Pratique du fait de sa petite taille, le document se glisse avec aisance dans la poche. Constitué de différents diptyques, il se lit de manière très rapide car allant à l’essentiel : c’est-à-dire la prévention et les moyens d’agir. Destiné prioritairement aux agriculteurs, l’opus va circuler auprès des municipalités et des coopératives puisqu’il est édité à cinq mille exemplaires. Il est le fruit d’un partenariat réussi entre cinq acteurs clés de la filière…

AUXERRE : C’est peut-être le début d’une longue série de publications. Ce serait alors une véritable collection faite d’astuces et de conseils utiles ! L’idée pourrait concerner d’autres secteurs professionnels où les risques de sinistres sont très palpables. On pense de prime abord à la filière du bâtiment et des travaux publics. Mais, aussi à d’autres métiers de l’artisanat et de l’industrie plus ou moins exposés aux dangers.
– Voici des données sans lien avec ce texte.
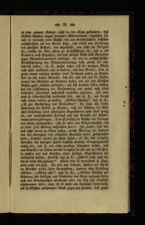 es dem quaest. Redner nicht in den Sinn gekommen, daß Nekitat Chephez wegen mentaler Reſervationen eingeführt ſei, daß er vielmehr ſeine Anſicht von der Entbehrlichkeit deſſelben ausſchließlich auf den Grund ſtützt, daß dieſes eine Forderung des jüdiſchen Rechtes, das abgeſchafft, und nicht der Religion ſei, welche im Eide allein zu berückſichtigen iſt, daß er als Beweis noch hinzufügt, wie das jüdiſche Recht auch Garantien gegen Mentalreſervationen verlange, die wir in ausſchließlicher Berückſichtigung der Religionsforderung doch gewiß für entbehrlich halten. H. F. mußte daher erſt die wenigen Worte noch mehr verkürzen und verändern, um den Redner, dem er gerne etwas anhaben mochte, eines Irrthums zeihen zu können. Der an ſich wahre Gedanke, daß wir uns nur um die Forderungen der Religion zu kümmern haben und die des jüdiſchen Rechts, als ohnehin antiquirt, auf ſich beruhen laſſen müſſen, hat die Zuſtimmung der Verſammlung und gewiß auch jedes denkenden Israeliten außerhalb derſelben gefunden, und man muß ſo leidenſchaftlich verblendet ſein, wie H. F., um hieran noch eiwas mäkeln zu wollen.„Nekitat Chephez“, ſagt H. F., „ſiſt zur Verſtärkung des Eindruckes.“ Es liegt alſo dieſer Forderung die Anſicht zu Grunde, daß der Schwur bei Gott ohne Erfaſſung eines geheiligten Gegenſtandes nicht ſtark genug ſei, um entſprechenden Eindruck auf das Gemüth des Schwörenden hervorzubringen. Das iſt freilich die Anſicht des Talmuds von feinen Zeitgenoſſen. Iſt fie aber eine Religionsanſicht, die zu jeder Zeit Geltung anſprechen kann? Ich glaube, daß wir uns nicht daran zu kehren haben, welche Meinung der Talmud von der Erregung des religiöſen Gemüths feiner, Zeitgenoſſen hatte, ſondern darauf zu ſehen haben, ob für das religiöſe Gewiſſen der heutigen Juden daſſelbe ſinnliche Erregungsmittel nöthig ſei, und ſo wir nicht geradezu behaupten wollen, daß das Gewiſſen der Juden minder erregbar ſei als das der Chriſten, ſo müſſen wir das Erfaſſen eines heiligen Gegenſtandes für entbehrlich halten. Freilich ſagt H. F.:„ſchwört doch auch der Chriſt beim Evangelium!“ Allein dies iſt wenigſtens fo allge. mein nicht der Fall. So viel mir bekannt, ſchwört der Chriſt im Gerichte nicht beim Evangelium, ſondern ohne Erfaſſung deſſelben.„Wenn alſo“, ſagt H. F.,„Nekitat Chephez zur Erhebung des Heiligen und Bindenden des Eides verlangt wird, nach den Staatsgeſetzen überhaupt aber der Eid als religiöſer abgenommen wird, was iſt es mehr als kindiſcher Uebermuth, als in Abſcheu ausartender Groll gegen den Talmud, daß grade

« Le Guide de prévention des incendies de récolte » inaugure avec son format papier glacé à l’esthétique très agréable la fructueuse collaboration entre cinq partenaires majeurs du monde agricole. Et en tout premier lieu, la Chambre d’agriculture de l’Yonne, la Fédération départementale des syndicats d’exploitants (FDSEA) et les Jeunes Agriculteurs (JA).

 

 

Prévenir, conseiller, sécuriser, agir : quatre thèmes informatifs…

 

Pour ces trois organismes de l’agriculture, l’intérêt du support ne faisait aucun doute. Chaque année, les feux de chaume produisent des dégâts considérables, voire parfois préjudiciables dans l’existence d’une exploitation. Aussi, lorsque l’assureur-mutualiste GROUPAMA Paris-Val-de-Loire a ébauché l’esquisse rédactionnelle et graphique de ce petit livret didactique, avec l’aval du SDIS de l’Yonne, les professionnels ne pouvaient qu’acquiescer la démarche afin d’y figurer en bonne place. C’est-à-dire par la représentation de leurs logos réciproques.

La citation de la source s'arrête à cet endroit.